Videotron ‘Ready’ to Expand into Ontario and Western Canada, Says Quebecor CEO

Quebecor CEO Pierre Karl Péladeau said during a conference call on Thursday that his company’s telecommunications subsidiary, Vidéotron, is “ready” to expand into Ontario and Western Canada (via The Toronto Star).

“Our plans are drawn and we are ready to go, ready to create real, lasting competitive dynamics in Ontario and Western Canada,” he said during the call. Quebecor is banking on its $2.85 billion pending acquisition of Shaw Communications-owned Freedom Mobile to catalyze its plans for national expansion. “This project represents a springboard to a new era (of goals) for Quebecor.”

Quebecor’s Freedom acquisition is a side deal in the larger, long-embattled $26 billion Rogers-Shaw merger.

Both transactions entered the final stretch after the Federal Court of Appeal last month rejected the Competition Bureau’s appeal of a federal tribunal decision to greenlight them. Back in December, the tribunal ruled that Vidéotron was likely to be an “aggressive and effective competitor” to national operators like Rogers, Bell, and Telus across Canada.

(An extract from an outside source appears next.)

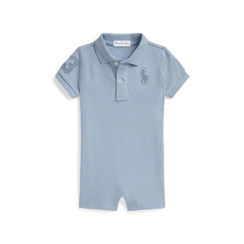 Ralph Lauren Baby Short-Sleeve Basic Mesh Big Pony Polo Shortall, Estate Blue

Vidéotron has contributed to lowering cellular prices significantly in Quebec, where the company commands 22% of the wireless market. As of the end of last year, Quebecor had a total of 1.7 million subscribers.

The Rogers-Shaw merger and Freedom-Vidéotron sale now only require Industry, Science and Technology Minister François-Philippe Champagne to sign off on the transfer of Shaw’s spectrum licences to Vidéotron.

Quebecor has not said what brand names it would use outside of Quebec once the Freedom sale goes through and the company puts its expansion plans into action.

However, company CFO Hugues Simard did say on Thursday that the online-only approach of Quebecor’s flanker brand Fizz Mobile, which alone accounts for 5% of Quebec’s market, could work well with Freedom’s brick-and-mortar sales model.

In order to undercut competitors in the rest of Canada from the get-go, Quebecor has also struck agreements with Rogers for wholesale access to the larger telco’s networks at favourable rates.

These agreements have invited objections from independent service providers like TekSavvy and Globalive Capital, which originally founded Freedom and is now planning a comeback to the wireless space, for giving Vidéotron “undue preference.” TekSavvy and Globalive are both petitioning the Canadian Radio-television and Telecommunications Commission (CRTC) to investigate the agreements before the transactions are allowed to close.

As they wait for Minister Champagne’s decision, Rogers, Shaw, and Quebecor have once again extended their mutual deadline for both the merger and the Freedom-Vidéotron sale, now moving it to March 31, 2023.